Our support of our soldiers made us want to learn more about why they are in Afghanistan in the first place and what life is like now for the average Afghan citizen. The more we researched, the more we felt compelled to do something to help. Afghanistan is one of the poorest countries in the world. Life has improved somewhat since the fall of the Taliban, but it is still very grim for most people, particularly women and girls. In many areas Afghan religious and cultural values have been completely twisted for political reasons, creating terrible hardship. Women are often the target, sometimes being denied even the most basic human rights such as health care. Educational opportunities are scarce or non-existent for many women and girls who are often treated like chattels. Suicide by self immolation is not uncommon as a means of escape from the desperation of unrelenting abuse and oppression. At great personal risk, many brave Afghan men and women are struggling to change this inequity. We wanted to support them.We held a couple of events at St. Philip's to raise awareness and some money, but we wanted to spread the word farther so we began planing a public fund raiser.
On October 15 the parish hosted an evening at St. Mary Magdalene Anglican Church in Picton to raise awareness about the plight of the Afghan people and to raise funds on behalf of "Canadian Women for Women in Afghanistan". This organization was founded in the late '90's in response to articles written by Canadian, Sally Armstrong, who was one of the first journalists to report, first hand, on the hideous reality for Afghan women under Taliban rule. Horrified and incensed a small group of Calgary women banded together determined to reach out to those women. The CW4WA web site describes their activities as follows: "Funds received from Canadian donors are directed to programs in Afghanistan aimed at providing higher quality education, particularly for Afghan women and girls. Our projects in Afghanistan are managed mainly by Afghan women’s grassroots organizations and monitored and evaluated by our Kabul office and board of directors. The projects share the goals of assisting Afghan women in their struggles to end their oppression, to improve conditions of human rights, and to contribute as active members in Afghan society."
As October 15 drew nearer, we had the usual jitters about whether anyone would turn up. Ticket sales seemed slow in spite of the wide spread publicity we organized through local churches, posters, newspapers, radio and TV. Our guest speaker, Linda Middaugh, was coming from "Canadians in Support of Afghan Women" (CSAW), an Oakville affiliate of Canadian Women for Women in Afghanistan. Ann Galioto, also of the Oakville group, was bringing books and Afghan made crafts for sale, and a display of books on Afghanistan was being made available courtesy of Books & Company in Picton. Then there were all those fabulous desserts planned by members of St. John's and St. Philip's.

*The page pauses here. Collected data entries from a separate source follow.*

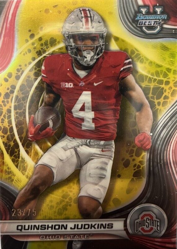 2024 Bowman University Best #74 Quinshon Judkins Yellow Refractor #/75
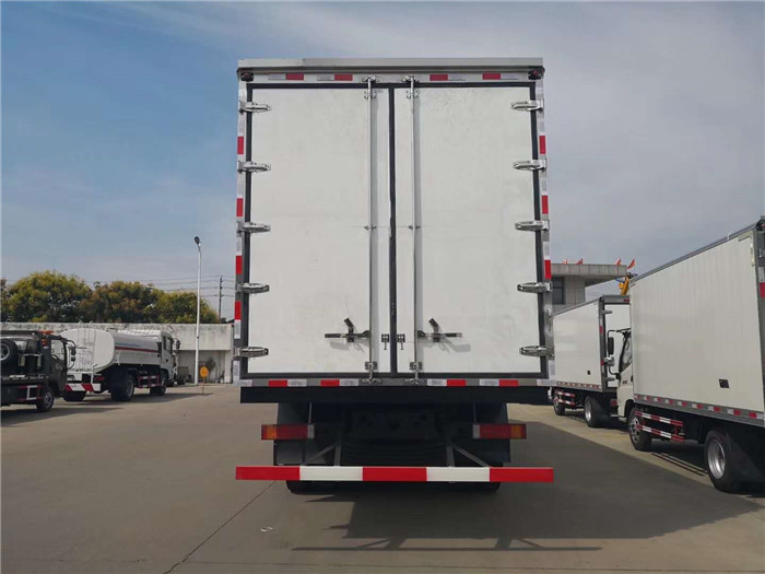 底盤技術(shù)參數(shù) 程力專用汽車股份有限公司,引進(jìn)目前國際最先進(jìn)冷藏車生產(chǎn)技術(shù)并斥巨資購置先進(jìn)的發(fā)泡成型設(shè)備和18米大型復(fù)合板材生產(chǎn)線,制造出新一代冷藏保溫車。生產(chǎn)的冷藏車廂體內(nèi)外壁板選用優(yōu)質(zhì)的玻璃鋼、不銹鋼或彩鋼板;中間保溫材料選用200px厚進(jìn)口聚氨酯擠塑板;廂體周邊鋁合金包邊;底板采用整體現(xiàn)澆玻璃鋼。采用新技術(shù)、新工藝制造的冷藏車具有保溫性能好、外型美觀、整體質(zhì)量輕、強(qiáng)度高、無滲漏等特點(diǎn)。廂板耐沖擊性好,對大氣、水和酸、堿、鹽等介質(zhì)具有良好的耐腐蝕性和抗老化性。經(jīng)過優(yōu)化設(shè)計(jì),大大降低廂底板離地面高度,增大了車廂的有效容積,車輛行駛的安全性更高。廂底板選裝通風(fēng)槽,便于冷氣流通全車,并保持廂內(nèi)溫度均衡。冷藏機(jī)組有知名的國產(chǎn)與進(jìn)口機(jī)組選擇,溫度可達(dá)深冷要求,機(jī)組具有結(jié)構(gòu)簡單、操作方便運(yùn)行可靠、能耗低制冷量大,噪聲小安裝維護(hù)方便等特點(diǎn)。 ▲廂體結(jié)構(gòu)緊湊、牢固可靠、絕熱性好。 ▲廂體材料符合食品運(yùn)輸衛(wèi)生要求。 ▲后雙門機(jī)構(gòu)(門鎖、手柄、拉桿、五金鉸鏈、掛鉤等)選用國際廂式車通用標(biāo)準(zhǔn)件。 ▲后門周邊采用優(yōu)質(zhì)蒸氣熟化密封條,使用壽命長、密封性能好,開關(guān)門輕松,方便。
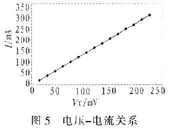 表1是該電路驅(qū)動(dòng)波長(zhǎng)650 nm,功率200 mW的LD連續(xù)工作時(shí),基準(zhǔn)電壓與輸出電流的測(cè)試結(jié)果,其電壓-電流關(guān)系如圖5所示。

People began to file into the hall close to 6:30 and they just kept coming. We had to set up extra chairs to accommodate them. The Rev. Lynn Donovan of St. Andrew's Presbyterian Church opened the evening with prayer. This was followed by the hauntingly compelling music of Jeanette Arsenault and her daughter, Katie Shannon. They set the mood with two wonderful songs one of which told of the 60 million girls in our world who cannot go to school.
Committed and passionate about her cause, guest speaker, Linda Middaugh, gave a PowerPoint presentation documenting the great need in Afghanistan, but also focusing on the progress being made through organizations like CW4WA Since it's beginning this organization has raised over $2 million for it's Afghan partners. In addition to training Afghan teachers, paying their salaries, and providing educational resources, CW4WA has funded an orphanage, and is trying to rebuild Afghan libraries destroyed in the violence of recent history. In the Oakville area alone, CSAW raised over $100,000 to build a 12 room school in a remote village outside of Jalalabad. The school opened in January of 2009, and CSAW is now in the process of raising more funds to furnish it and provide books. Underlining the importance of the work being done, Linda quoted Kofi Annan, former Secretary-General, United Nations "There is no tool for development more effective than the empowerment of women."

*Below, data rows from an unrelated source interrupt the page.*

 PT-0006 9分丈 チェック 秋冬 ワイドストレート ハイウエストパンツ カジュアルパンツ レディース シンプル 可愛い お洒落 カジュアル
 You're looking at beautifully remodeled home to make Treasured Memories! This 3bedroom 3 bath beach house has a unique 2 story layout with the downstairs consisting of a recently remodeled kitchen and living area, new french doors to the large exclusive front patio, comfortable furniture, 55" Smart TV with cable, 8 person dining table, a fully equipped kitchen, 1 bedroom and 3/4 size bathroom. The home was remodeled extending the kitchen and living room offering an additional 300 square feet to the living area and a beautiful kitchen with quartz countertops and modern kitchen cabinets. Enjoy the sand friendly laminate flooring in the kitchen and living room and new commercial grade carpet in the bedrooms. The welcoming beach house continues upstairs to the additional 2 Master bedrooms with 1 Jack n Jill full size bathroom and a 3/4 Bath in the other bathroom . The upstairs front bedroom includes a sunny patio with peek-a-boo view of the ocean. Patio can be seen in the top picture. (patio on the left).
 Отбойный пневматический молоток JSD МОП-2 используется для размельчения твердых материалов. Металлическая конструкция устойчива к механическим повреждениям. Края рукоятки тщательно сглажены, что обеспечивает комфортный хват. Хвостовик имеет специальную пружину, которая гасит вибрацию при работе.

Many people came together to make this event happen. Some, who were not able to be there in person, sent monetary gifts and two inspiring donations were made at the event itself. High School student, Katie Shannon, had been saving her money since childhood, waiting for the right cause. When she heard about this event and the work of CW4WA not only did she agree to share her musical gifts with us, she also knew she had found the cause which she wanted to support. Katie presented Linda Middaugh with a cheque for $400. McKenzie Ellis completed the County Marathon at the beginning of October. Family and friends had sponsored her for a total of $310. McKenzie donated her sponsorship money to Canadian Women for Women in Afghanistan, and her generosity inspired a lady in the audience to give a further donation in her name. More donations have come in since.
By the time The Rev. Richard Pitcher closed the evening in prayer, the event had raised $5,000 for education in Afghanistan. We couldn't believe it. The most outstanding thing of all, however, was how our community came together and gave from the heart. A unique spirit pervaded the room that evening, touching all those present. You could feel it! People mentioned it although it was difficult to describe or put a name to. It touched the hearts of all those present, creating an enthusiasm and unity which was quite extraordinary.

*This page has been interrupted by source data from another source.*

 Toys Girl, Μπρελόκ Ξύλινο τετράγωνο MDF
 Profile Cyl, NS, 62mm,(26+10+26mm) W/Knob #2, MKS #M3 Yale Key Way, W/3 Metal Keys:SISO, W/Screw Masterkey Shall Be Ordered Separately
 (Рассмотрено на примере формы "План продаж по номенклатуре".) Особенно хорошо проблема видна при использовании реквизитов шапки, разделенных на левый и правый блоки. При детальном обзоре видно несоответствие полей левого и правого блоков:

We are called by our saviour Jesus Christ to love one another. As we treat each other so we treat him. (Matthew 25:40) The people of Afghanistan are God's children, and they are suffering. Surely we, who have so much, are called to share with those who have too little. We are just a small parish with no particular wealth or connections. It took a lot of community involvement, both within and outside of our parish, to make this event succeed. It happened with love, with enthusiasm, and with joy. And what of that incredibly powerful feeling we all experienced that evening? Truly the Holy Spirit, the best connection of all, was there, and with that kind of help everything is possible. Thanks be to God!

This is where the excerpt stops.